For banks, open banking is an opportunity to build innovative new products that will improve the customer journey, helping them retain accounts and acquire new ones. By collaborating with third parties, banks can hyper-target customers and build services that address specific user needs, increasing customer satisfaction and in turn brand loyalty.

It’s true there’s been a recent spike in open banking users. According to Juniper Research global, open banking users rose from 18 million in 2018 to 40 million in 2021. But this can be traced to the necessities of a pandemic rather than any sudden clarity in communications.

 

Putting customers at the heart of communication

Mambu’s research shows more than half of consumers (52%) have never heard of open banking. COVID-19 may have increased the uptake of the technology, but it hasn’t increased understanding among users.

So, what can banks do to encourage consumers to embrace open banking? Fundamentally, they must better educate their customers in terms they understand. This means talking to them like human beings, using clear and transparent language to simply explain the personal benefits open banking brings and why it’s really just smart banking.

The understanding gap between technology and terminology shows that consumer demand is there, but better communication is needed. Making sure consumers truly understand the tools they’re using, the control they now have over their finances and how open banking improves the customer experience is vital to dispersing the current fog of confusion. It’s the benefits of this technology that banks need to hone in on: customers ultimately care about what open banking can do for them and how it’s going to make their lives easier.

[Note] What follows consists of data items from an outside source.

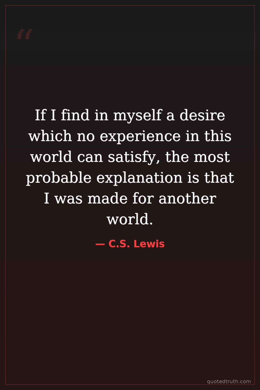 If I find in myself a desire which no experience in this world can satisfy, the most probable explanation is that I was made for another world.
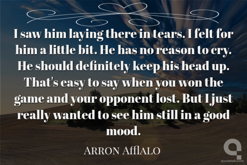 I saw him laying there in tears. I felt for him a little bit. He has no reason to cry. He should definitely keep his head up. That's easy to say when you won the game and your opponent lost. But I just really wanted to see him still in a good mood.
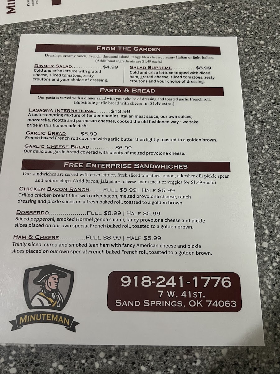 Welcome to Minuteman Pizza Parlor, a beloved local gem located in Sand Springs, OK. This third-generation pizzeria is renowned for its homemade sauces and breads, providing a warm and welcoming atmosphere that'll make you feel right at home.

Centering the customer and their needs in this way will allow banks to fully realise open banking’s potential. The technology has already given them the opportunity to develop valuable services for customers that help build brand loyalty. But the industry has failed to put the customer at the heart of their communications and processes, and show them how much better banking can be.

 

Building trust

Key to reversing this trend is addressing consumer concerns around data privacy and financial safety. Yes, banks need to prioritise simplicity and clarity in messaging, but this isn’t an excuse to shy away from important conversations. Just because there’s an understanding gap around open banking doesn’t mean consumers aren’t switched on about tech and financial issues.

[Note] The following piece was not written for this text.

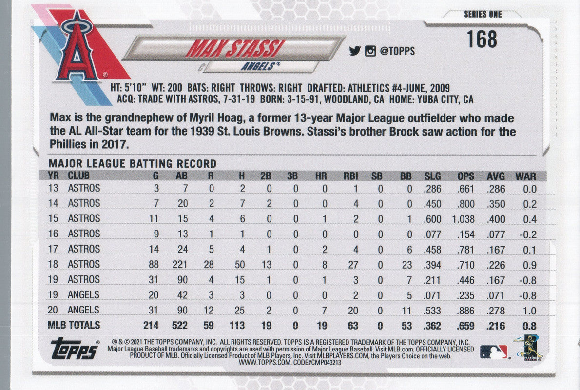 #168 Max Stassi Los Angeles Angels 2021 Topps Series 1 Baseball Card
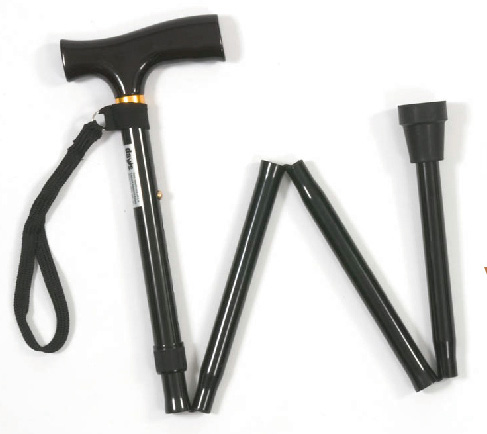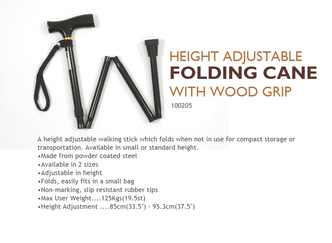 Height Adjustable Folding Cane With Wood Grip

Mambu’s survey found nearly three in five customers have concerns about privacy and security in relation to open banking. So, it’s vital that banks provide reassurance and relevant information about data sharing from the outset if they’re to assuage these fears.

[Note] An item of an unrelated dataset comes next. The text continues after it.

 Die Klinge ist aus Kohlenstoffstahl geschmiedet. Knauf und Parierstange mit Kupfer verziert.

The industry can also encourage greater adoption by developing and improving open banking interfaces. Banks are the gatekeepers to how easily end-users can authorise certain actions, manage third-party access and navigate different open banking functions. If the interface is user-friendly, customers will have a better experience of the technology and be more likely to use and recommend these services.

 

Time to get talking

Customer communication is holding the industry back.. The ability of open banking to transform financial services is a concept that industry players are well-versed in. But the feeling isn’t mutual for customers.

Banks are failing to capitalise on the open banking opportunity by engaging with new and existing customers about what the technology can do for them. Debunking  common myths can open the door to increased growth and trust for banks, as they seek to open up new revenue streams post pandemic..

Make no mistake, open banking isn’t going away. But customers will if banks don’t get talking.